Extended families drain potential investment, says economist Dan Otchere
Is Africa being crippled by its cultural value system?

by Divine Agodzo

For years, Economics Professor Dan Otchere has been studying graphs and other economic indicators charting the downhill course of African economies. Now the Ghanaian-born economist thinks policy planners seeking to solve Africa's economic puzzle should take a hard look at its ancient culture to obtain the missing link.

Otchere says an understanding of the culture-economy nexus in Africa may be the key to solving the developmental problems that have plagued the continent for decades.

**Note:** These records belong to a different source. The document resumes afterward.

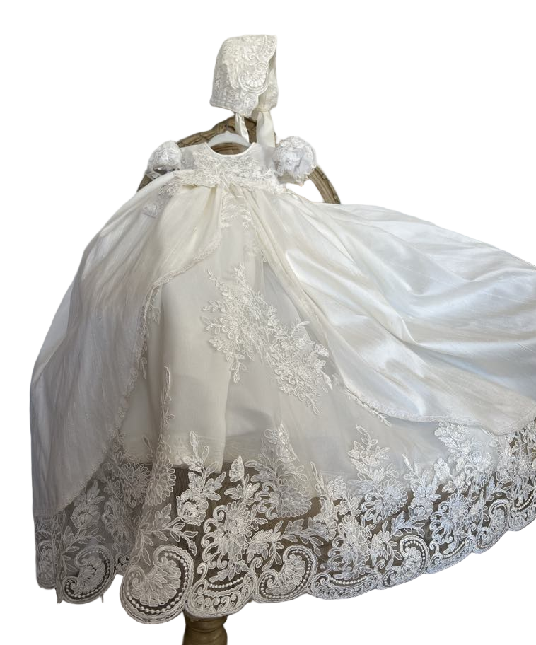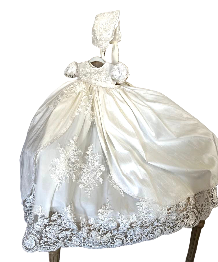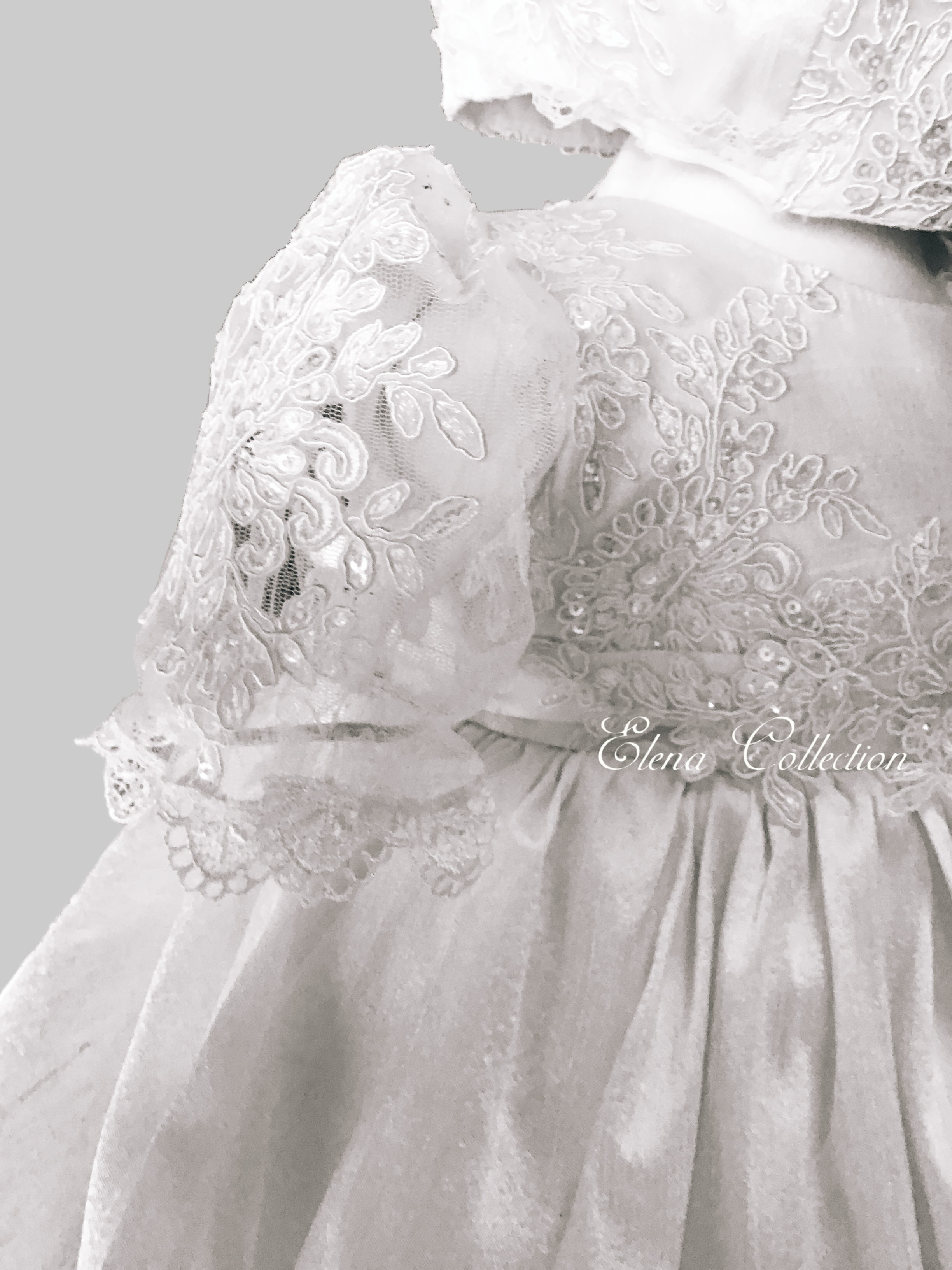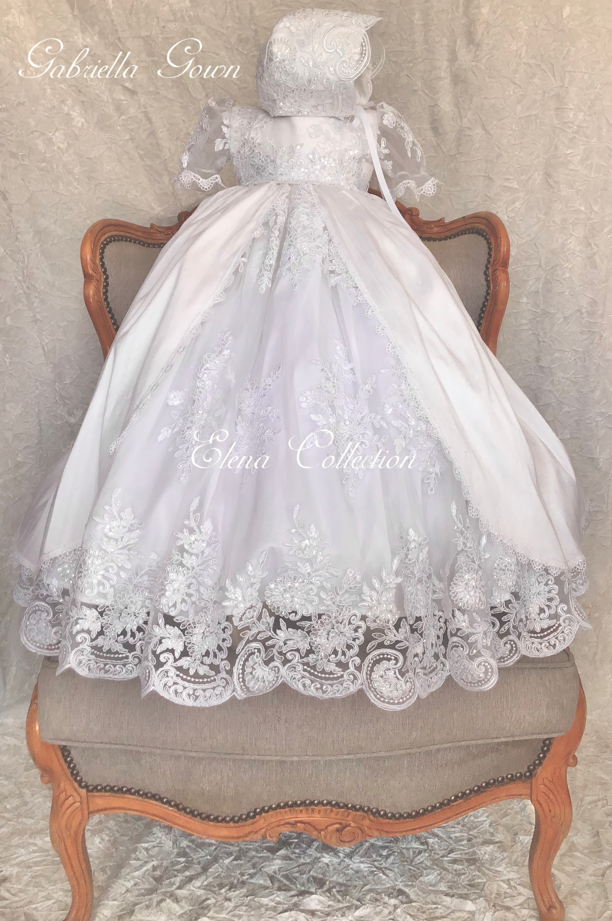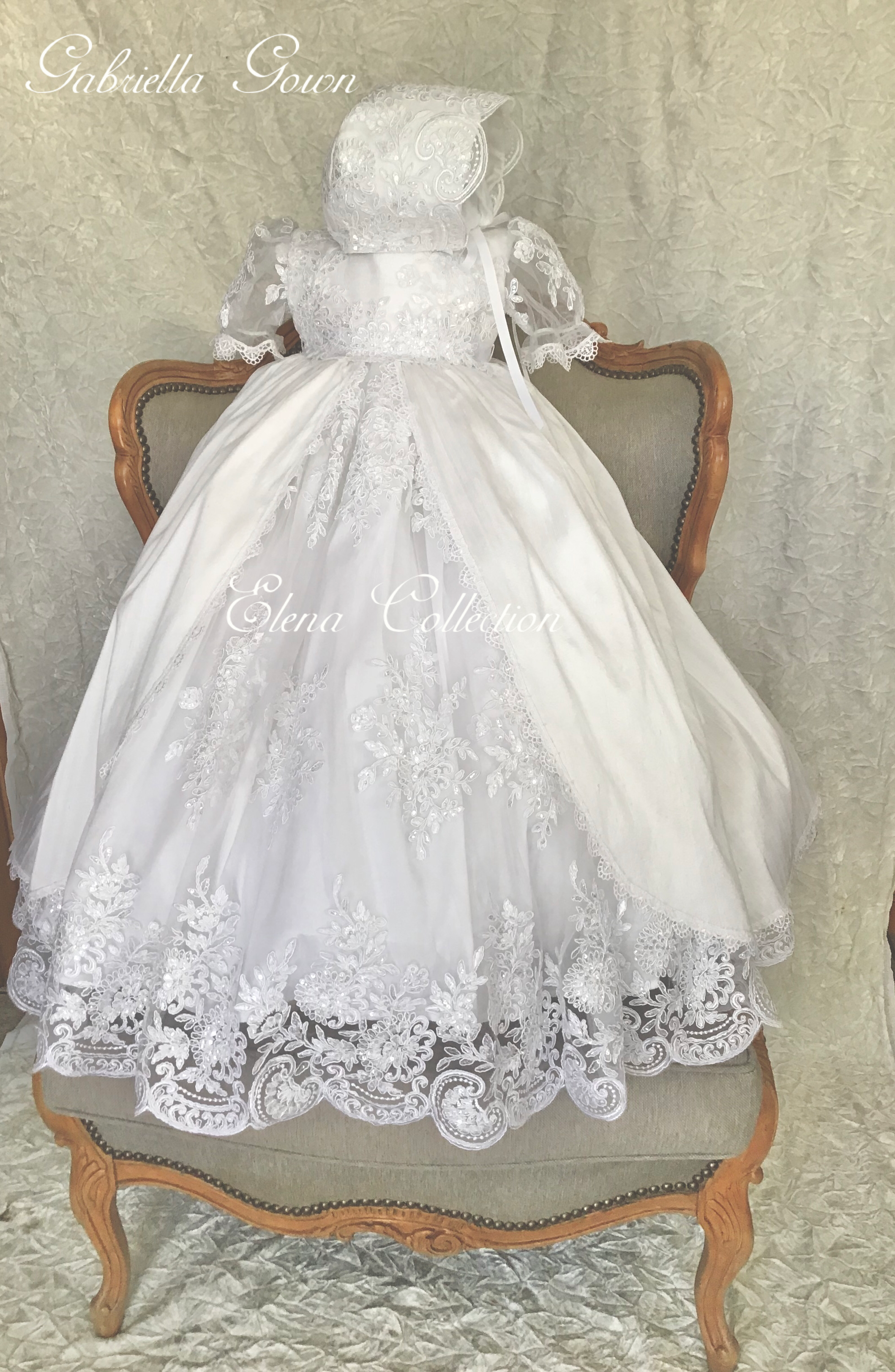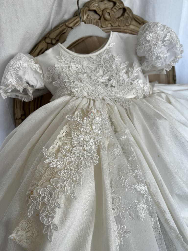 Gabriella combines classic elegance with a modern twist, featuring delicate sheer puff lace sleeves and a central sequined lace panel. The gown includes an overlay silk skirt with Venetian trim and an attached crinoline for fullness and seamless comfort. Each piece is handmade with meticulous care, creating a unique, luxurious garment meant to be cherished for generations. Fabrics: - Sheer puff lace - Lace sequins panel - Silk overlay skirt - Venetian lace trim
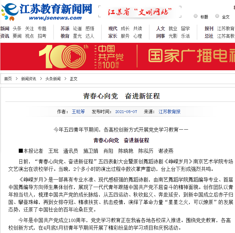 日前,“青春心向党、奋进新征程”五四表彰大会暨原创舞蹈诗剧《峥嵘岁月》南京艺术学院专场文艺演出在该校举行。当晚,2个多小时的演出过程中数次掌声雷动,台上台下形成强烈共鸣。
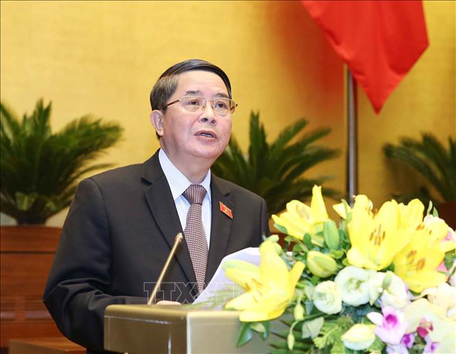 Chủ nhiệm Ủy ban Tài chính, Ngân sách của Quốc hội Nguyễn Đức Hải trình bày Báo cáo thẩm tra dự thảo Nghị quyết về khoanh tiền nợ thuế, xóa tiền phạt chậm nộp, tiền chậm nộp đối với người nộp thuế không còn khả năng nộp ngân sách nhà nước. Ảnh: Phương Hoa/TTXVN
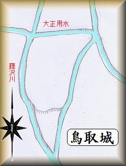 鳥取城は、大正用水と、藤沢川など2つの河川に囲まれた島状の部分に築かれていた。
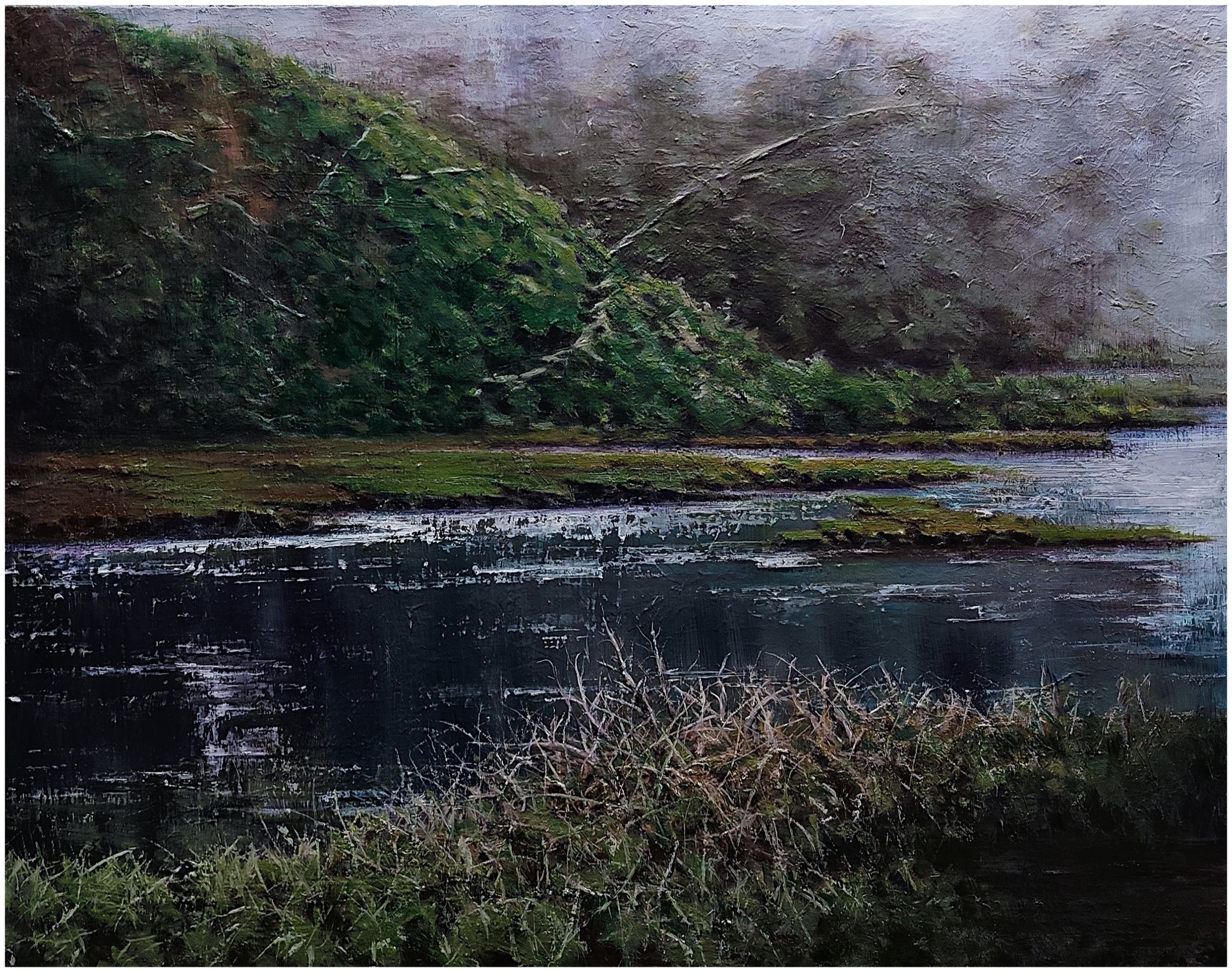 Perspektif: Ön plandaki detaylı otlar ve orta plandaki geniş su kütlesi, izleyiciyi resmin derinliklerine, yani sisli arka plana doğru çeken güçlü bir perspektif yaratır.
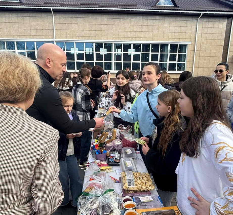 Окремо делегація відвідала благодійний ярмарок, організований учнями та педагогами. Там збирали кошти на реабілітацію військового 81-ї окремої аеромобільної бригади, який зазнав тяжкого поранення на фронті.
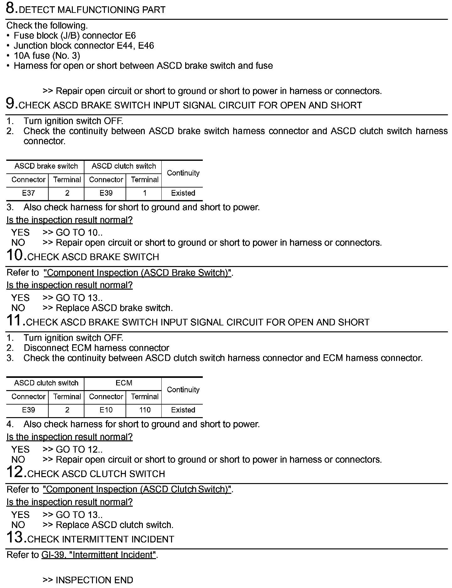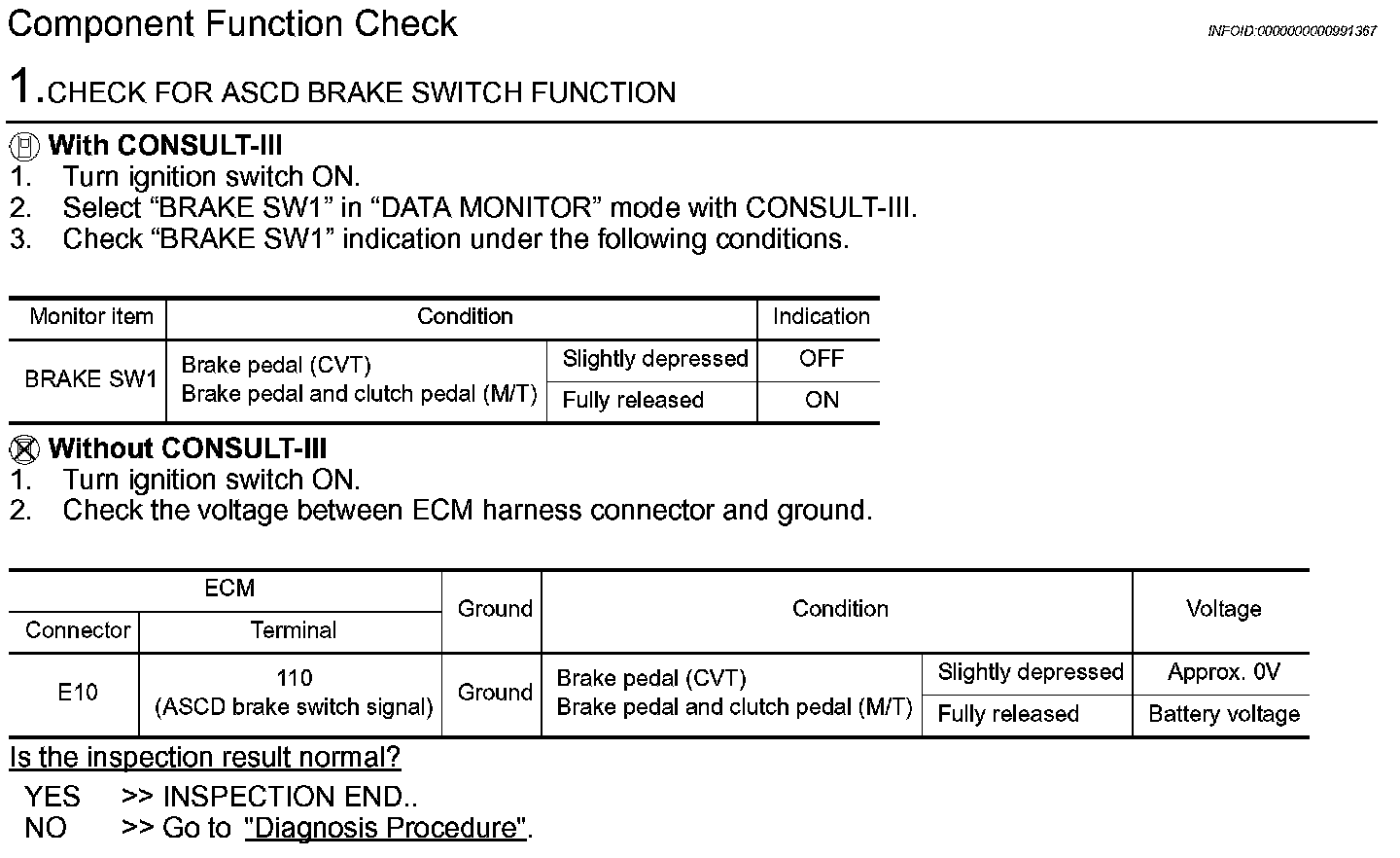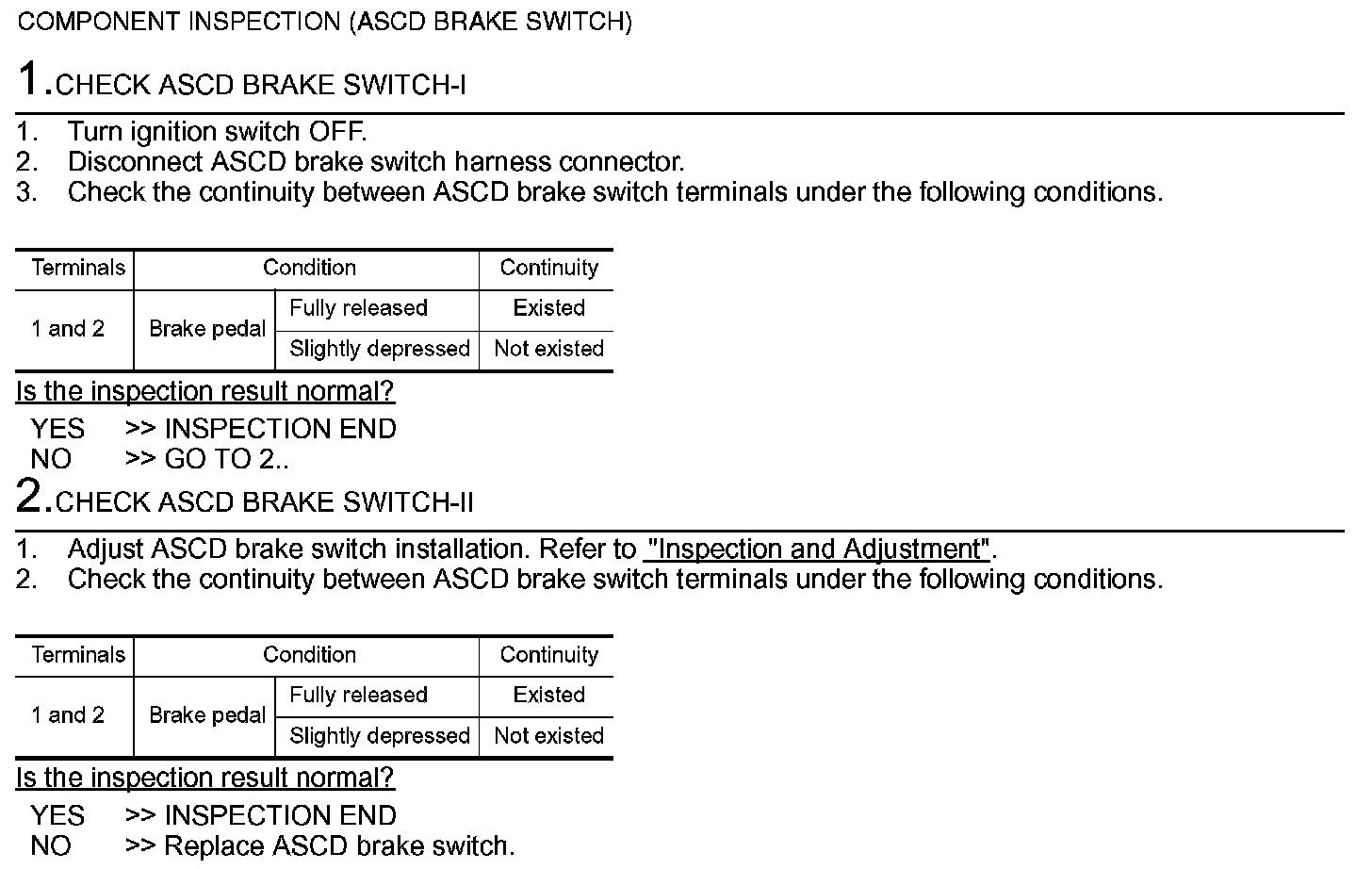 Component Inspection (ASCD Brake Switch)
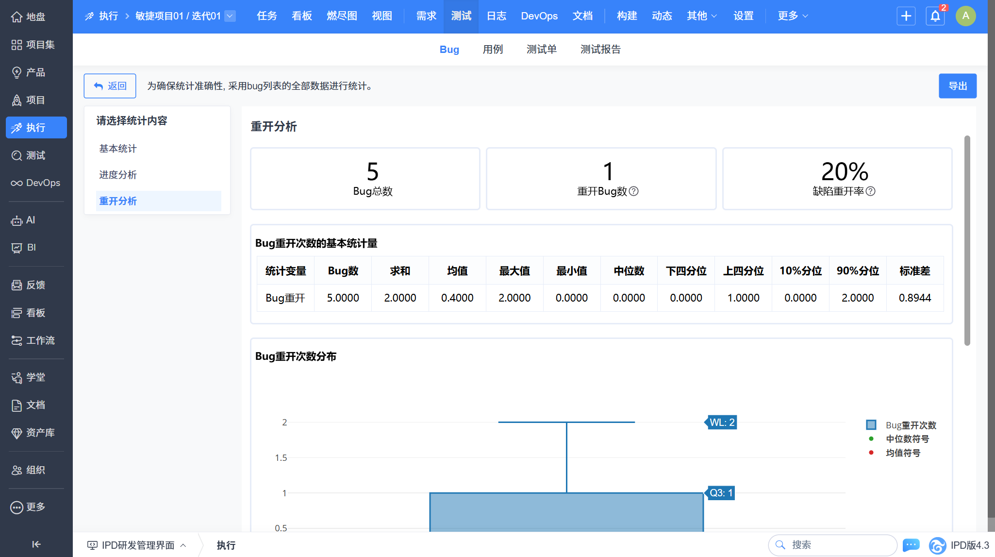 - 执行Bug列表重开分析:监控缺陷重开率与重开次数,精准定位质量问题推动解决闭环。
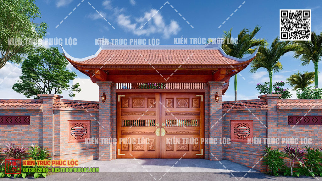 • Cổng nhà gỗ cổ truyền được làm theo kiểu hai mái đẹp, với phần trụ cổng được xây gạch trát vừa bê tông. Cánh cổng gỗ 2 cánh, với các phần khung song tuy tối giản nhưng đẹp mắt. Tạo nên tính thẩm cao cho công trình nhà gỗ kẻ truyền.
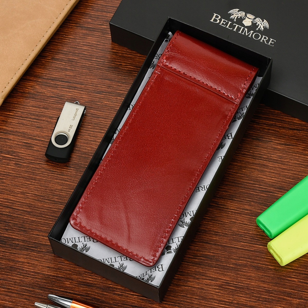 Шкіряний пенал Red Beltimore J03 Пенал ДЛЯ ЗАВДАНЬ ДО УНІВЕРСИТЕТУ

"Culture means a lot more to the average African than any other aspect of society," Otchere said. "If this is true, can we establish a connection between economic growth, standards of living and culture? I'm trying to examine that relationship, which appears to work in other areas like the Asia-Pacific region, but fails to do so in Africa." Otchere holds a PhD in economic development and monetary economics. He makes no claims to being a specialist in linking culture and economic development, but the economic problems of Africa have never ceased to intrigue him.

"The dismal performance of African economies since independence [in the 1960s] has baffled me a lot," Otchere said. "I am so surprised at the slow economic growth of these countries in spite of the improved quality of life available elsewhere." African countries seem unable to translate economic growth into economic development. There has been some economic growth, expressed in quantitative increases in the gross domestic product (a measure of a country's annual production of goods and services), but improvements in areas like education and health have been impeded not only by inflation and rapid population growth, but also by cultural problems.

Otchere said that almost all of the cultural problems stem from the extended family system, a network of obligation that spreads far beyond the nuclear family of the mother, the father and their children to include grandparents, aunts and uncles, cousins and in-laws.

The extended-family system has obvious social benefits, but in terms of economic growth, it leads to heavy dependence on a single breadwinner, who may be expected to support many relatives. This expenditure drains the breadwinner's savings, capital which could have gone into the banking system to generate economic growth.

Most of this financial support goes into consumption, because of the dearth of investment opportunities on the continent. Indeed, much of the money leaves Africa altogether. "As a result of the extended-family system, the tax base of the society becomes smaller," Otchere said. "This puts a burden on governments, causing deficits, inflation and currency devaluation." Otchere said the way out of the cycle is to take a non-sentimental look at the extended-family system. The McGill-trained economist said he is not the first to point to the culture-economics link, but African politicians and policy-makers have failed to take notice, and will find it hard to legislate against negative cultural practices.

He is quick to point out that he does not advocate a wholesale jettison of African cultural values, and has praise for African arts and music. "Some aspects of African culture can promote development, but the negative aspects outweigh the positive. There is always a net effect, and that is what I am interested in."

Most African countries are now in what he calls a "dual phase" of extended-family and nuclear-family values, a mirror of the coexistence in Africa of two economies, modern and traditional. Otchere said that education, globalization and the encroachment of other cultures will bring about further evolution.

Otchere spoke on the culture-economy nexus to African students at a McGill University seminar on "Business Investment Prospects in Africa," and is working with Anthropology student Kofi Akosah-Sarpong on a paper, "The Role of Superstition and Religion in the Development Process of African Economies."